Elbette bir cumhuriyette kamu eğitiminin özel ve önemli bir yeri vardır. Ama cumhuriyetçi bir rejimin genelleştirilmiş bir kamu eğitimiyle elde etmek istediği, yurttaşlarına cumhuriyetçi birliği ayakta tutacak erdemleri kazandırmak, bu arada onlarda “ortak iyi” anlayış ve duygusunu geliştirmektir. Yurttaşların çocuklaşmasının bu amaçlar arasında yer almadığında ise şüphe yoktur.

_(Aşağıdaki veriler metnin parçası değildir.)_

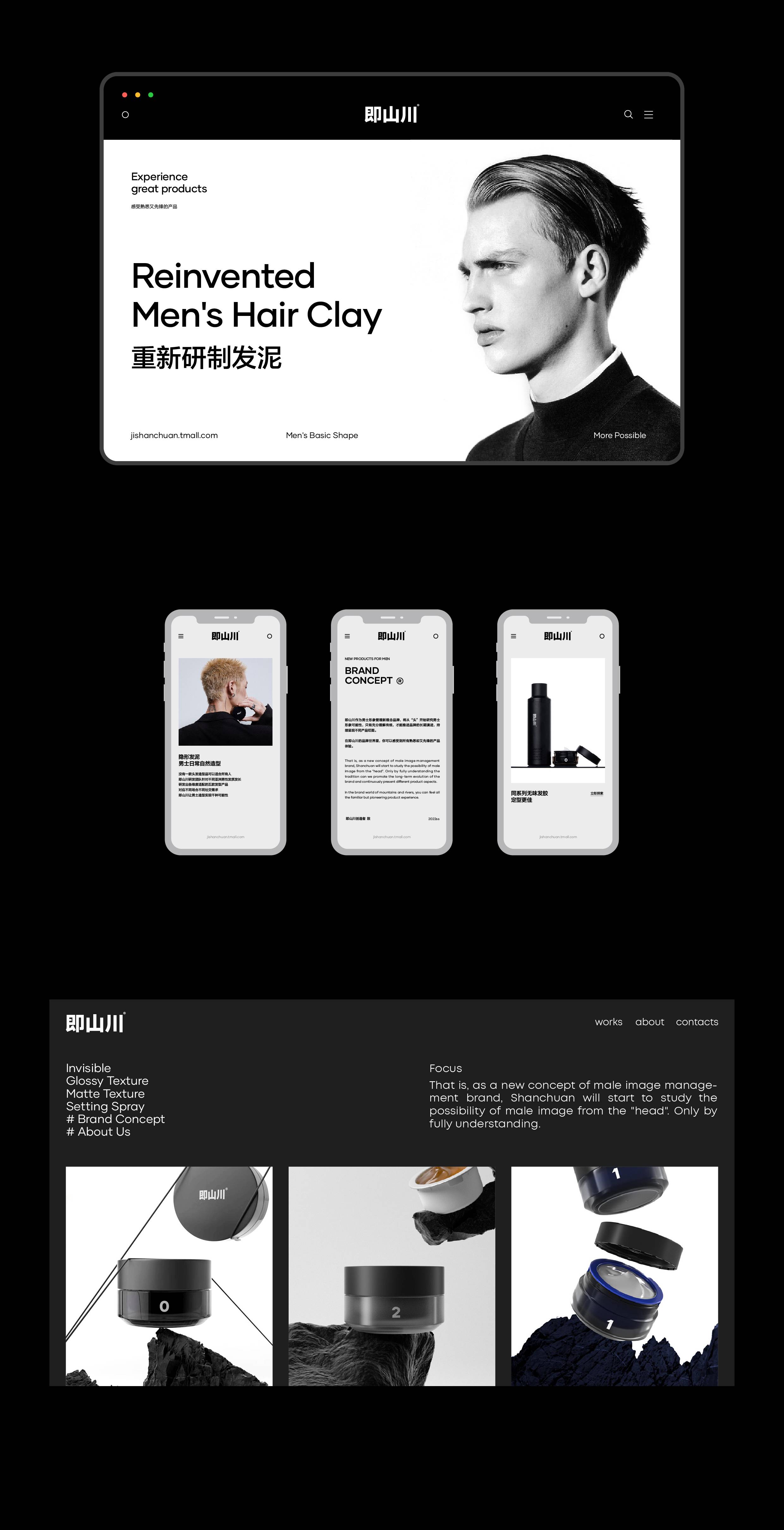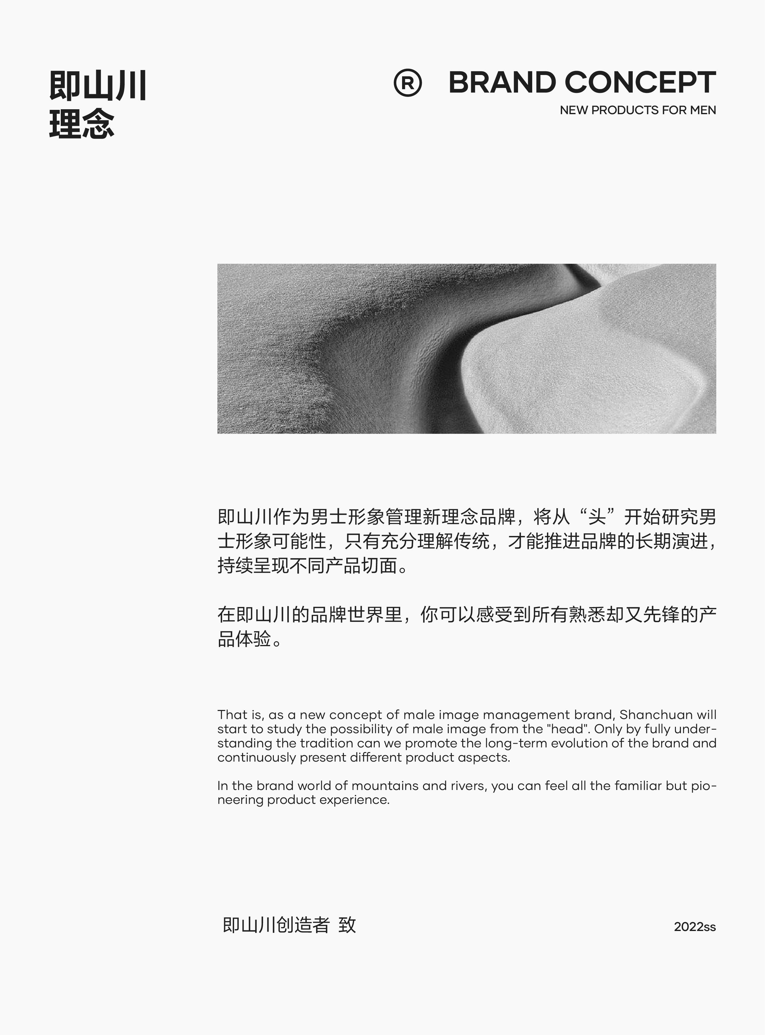 为了强化品牌中文名称,我们提取“山”作为符号,基于耐看、延展、适用 三个维度考量,对“山“简化、重组、聚焦,最终得到了三个方块,并让方形扮演多重身份,分别代表:聚焦·专业、基础·造型、进化·提升。

Kendi iradesine güvenmemenin, ortaklığın fikrî ve siyasî zemini hakkında söz söyleme hakkından feragat etmenin, “ortak yarar”ın bireysel çıkar ve ilgilerden üstün tutulmasıyla bir ilgisi bulunmamaktadır.
Türkiye’nin Cumhuriyeti’nin bu gibi meseleleri tezekkür edecek düşünürleri, sosyal teorisyenleri yok, ama bol miktarda slogan sayıklayan kifayetsiz demagogları ve propagandistleri var. Onun için, Cumhuriyetin kendine ait bir sivik ethos geliştirememiş olduğunu söyleyen Şerif Mardin haksız değil.